The committee discussed ways to fund the program without implementing student user fees.
“TSAC understood concerns about charging students for the initial creation of a bicycle program and that alternative revenue sources should be utilized to fund the inception of the program,” said Hunter Bollman, student advocate for student services in the Student Government Association, TSAC member and a junior accounting and finance major.
The committee credit the quality of the student feedback received for the delay in implementing the registration program and the ensuing fees.
“[Bollman and Nichols] felt like right now there would be a lot of opposition to the fee and the whole committee agreed that something else needed to be done,” said Rod Weis, executive director of Transportation Services.
The decision to table the drafted proposal until further student feedback could be gathered was important to the overall process, Bollman said.
“I thought it was a great step on Transportation Service’s behalf to listen to the student body and decide to get more feedback from various student representative groups about this important campus-wide issue before making a final decision,” Bollman said.
Weis supports what he called a “real bike program,” which would entail providing bike lockers, more bike parking areas, bicycle lock rentals, ways to cut locks in case a user loses his or her keys and showers for on-campus bicyclists.
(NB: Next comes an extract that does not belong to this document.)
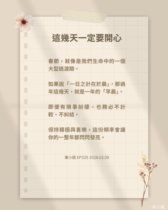 隨著春節腳步近了,大家或許正忙著採買年貨、除舊佈新。但在這忙碌的節奏中,我想問問大家:你的「心」準備好過年了嗎?

“But all of these things need resources and that has to come from somewhere,” he said.
Bicycle education, safety and awareness should also be incorporated into the program, Weis said, and alleviating bicycle congestion on campus is also a concern.
“There are a lot of complaints about bicyclists and pedestrians getting hurt, injured or even killed, and we agree that something needs to be done for their safety,” Weis said. “If you walk by the MSC Breezeway or Heldenfelds, you can see the problem.”
Though the committee members agree that a bicycle regulatory program is necessary on campus, Bollman and Nichols are intent on not using student user fees to fund the program without the support of the student body.
“In my opinion, I don’t think we will see a fee from students this year, and that’s what the students on the subcommittee are there for,” Weis said. “They said that students wouldn’t agree to the program.”